Jeudi 31 mai 2007

ALAIN MINC : PETITS CONSEILS ET GRANDES COMBINES

Par Yann Fievet

Article publié le dimanche 20 mai 2007.

 

Beaucoup a déjà été écrit sur la nature étriquée du capitalisme à la française. Le fait que les « grands patrons », ceux du CAC 40, siègent au Conseil d’administration des sociétés dirigées par leurs acolytes est désormais bien connu et parfois dénoncé comme le signe d’un capitalisme de copains s’entendant tels des larrons à la foire. Les juteuses « indemnités de départ » - octroyées généreusement même en cas de gestion calamiteuse avérée - les « parachutes en or » faramineux ou les réalisations sonnantes et trébuchantes des stocks options sont à l’évidence les conséquences visibles de ce copinage. En revanche, on connaît beaucoup moins bien ce qui se cache derrière les tractations conduisant aux grandes opérations de restructuration du capital de ces firmes désormais tentaculaires. Si la bonne marche du capitalisme a besoin d’une certaine dose de secret, la démocratie ne peut s’accommoder durablement de l’opacité de cette économie financière dont profitent abusivement quelques concitoyens sans scrupules.

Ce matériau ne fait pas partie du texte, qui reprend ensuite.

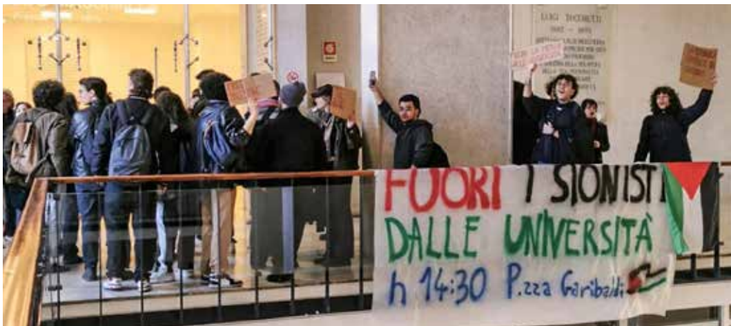
Napoli, 15 marzo 2024. La contestazione delle studentesse e degli studenti contro il dibattito organizzato dal rettore e l'intervento del direttore di Repubblica Molinari

A soccorrere Molinari è intervenuto addirittura il presidente della Repubblica Sergio Mattarella che ha telefonato al direttore sionista per esprimergli solidarietà e poi far diffondere una nota di condanna della protesta studentesca: "Quel che vi è da bandire dalle Università è l'intolleranza, perché con l'Università è incompatibile chi pretende di imporre le proprie idee impedendo che possa manifestarle chi la pensa diversamente". E pensare che l'evento filo-sionista era stato imposto dagli alti vertici baronali senza che gli universitari venissero in alcun modo in-

L’étroitesse du monde des affaires en France est formidablement renforcée par l’omniprésence d’un homme dont l’ombre plane sur la plupart des grandes opérations qui ont contribué à structurer le paysage industriel et financier de ce pays au cours des vingt-cinq dernières années. Le nom de ce personnage lui-même tentaculaire ? Alain Minc. Avec lui, l’expression « homme d’influence » prend tout son sens, il en est la quintessence. Pourtant, la force de cette influence n’a d’égale que le troublant mystère que constitue l’entretien constamment renouvelé de sa notoriété. Énarque, il se fit connaître à la fin des années soixante-dix en cosignant avec Simon Nora, pour le Commissariat au Plan un rapport célèbre sur « l’informatisation de la société ». Si les thèses développées dans ce document de prospective sont loin d’avoir été toutes vérifiées, il constituera cependant pour son auteur une sorte de certificat de rigueur intellectuelle lui conférant le titre d’expert éternel pour temps de « pantouflage ». En effet, le bonhomme n’avait pas fait l’Ena pour servir l’État mais entendait bien utiliser ce que l’État lui octroya un temps pour se servir ensuite dans le privé.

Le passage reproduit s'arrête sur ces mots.